**Provided entries:**
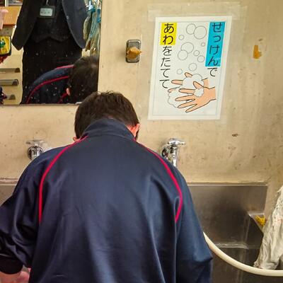 生徒たちは、先ほど(チェックするとは言わずに)、それぞれ手洗いをしたのですが…
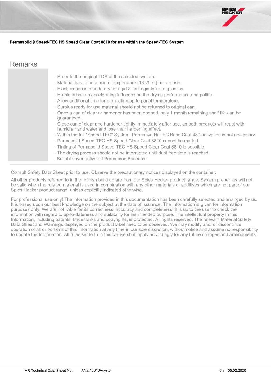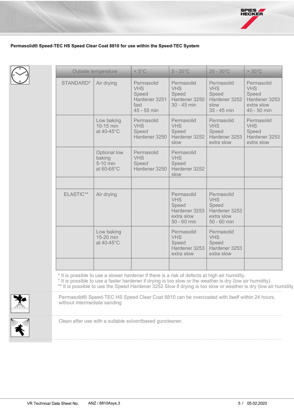 - No need to harden Hi-TEC Base Coat 480 when applied on Speed-TEC Surfacer 5500 / Speed-TEC Wet-on-Wet Surfacer 5550.
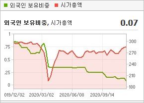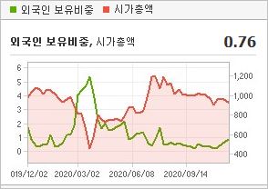 시가총액 2,399억원으로 코스닥 346위를 기록하고 있으며, 외국인소진율은 0.56%입니다. 2020년 6월 기준, PBR 3.06배, BPS 1,969원이며, 배당수익률은 없습니다.
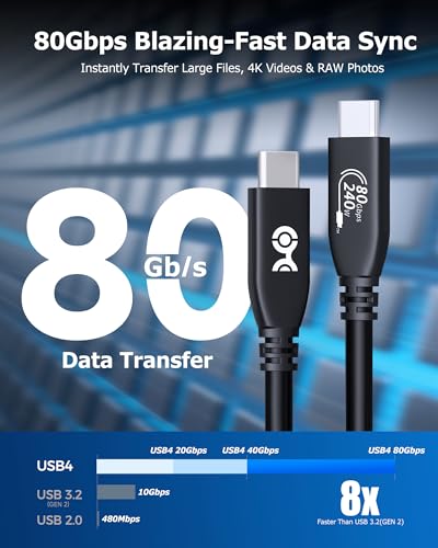 - Blazing Fast Data Transfer Speed: Enjoy lightning-fast data transfer with this USB4 USB-C cable, offering up to 80Gbps bandwidth for next-gen USB 4 devices. Backward compatible with 20Gbps USB4 devices, this USB C to C cable guarantees seamless data transmission across a wide range of devices, making it ideal for both work and entertainment.
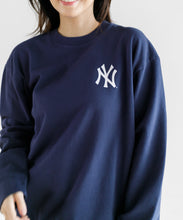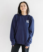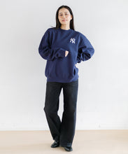 USAコットン100%素材を使用したオーバーサイズシルエットのクルースウェット。フロント胸元にはニューヨーク・ヤンキースのロゴ、背面にはSPORTY&RICHのロゴをプリント。どんなボトムスにも合わせやすく、やや薄手の裏起毛素材なので、秋・冬・春とロングシーズン活躍します。ユニセックスで着用いただけます。
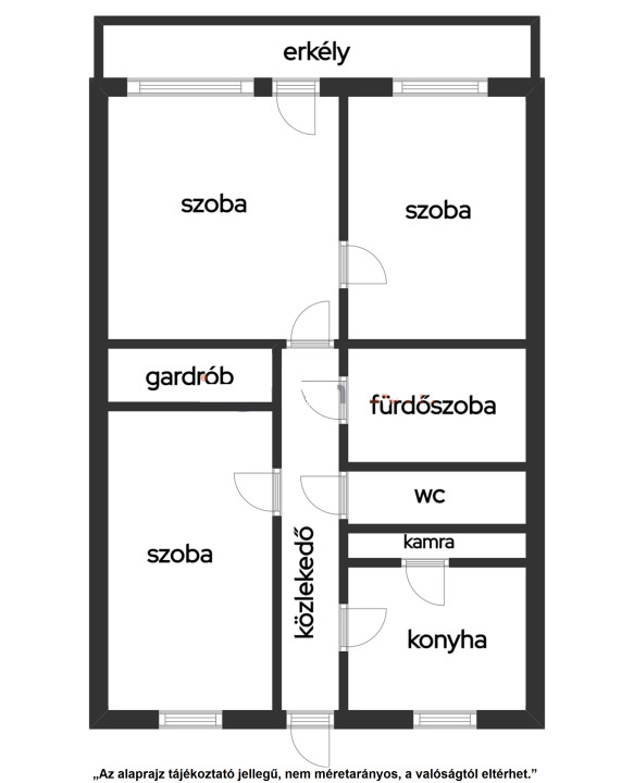 A lakás elosztása praktikus és jól kihasználható: 2,5 szoba, előszoba, fürdőszoba, külön toalett, konyha, spájz, valamint egy nagyméretű, 10 m²-es erkély, amely kiváló lehetőséget biztosít pihenésre.

**Task instructions:** Pictures aside, print every line of the material exactly.

**The completed task:**
 生徒たちは、先ほど(チェックするとは言わずに)、それぞれ手洗いをしたのですが…
 - No need to harden Hi-TEC Base Coat 480 when applied on Speed-TEC Surfacer 5500 / Speed-TEC Wet-on-Wet Surfacer 5550.
 시가총액 2,399억원으로 코스닥 346위를 기록하고 있으며, 외국인소진율은 0.56%입니다. 2020년 6월 기준, PBR 3.06배, BPS 1,969원이며, 배당수익률은 없습니다.
 - Blazing Fast Data Transfer Speed: Enjoy lightning-fast data transfer with this USB4 USB-C cable, offering up to 80Gbps bandwidth for next-gen USB 4 devices. Backward compatible with 20Gbps USB4 devices, this USB C to C cable guarantees seamless data transmission across a wide range of devices, making it ideal for both work and entertainment.
 USAコットン100%素材を使用したオーバーサイズシルエットのクルースウェット。フロント胸元にはニューヨーク・ヤンキースのロゴ、背面にはSPORTY&RICHのロゴをプリント。どんなボトムスにも合わせやすく、やや薄手の裏起毛素材なので、秋・冬・春とロングシーズン活躍します。ユニセックスで着用いただけます。
 A lakás elosztása praktikus és jól kihasználható: 2,5 szoba, előszoba, fürdőszoba, külön toalett, konyha, spájz, valamint egy nagyméretű, 10 m²-es erkély, amely kiváló lehetőséget biztosít pihenésre.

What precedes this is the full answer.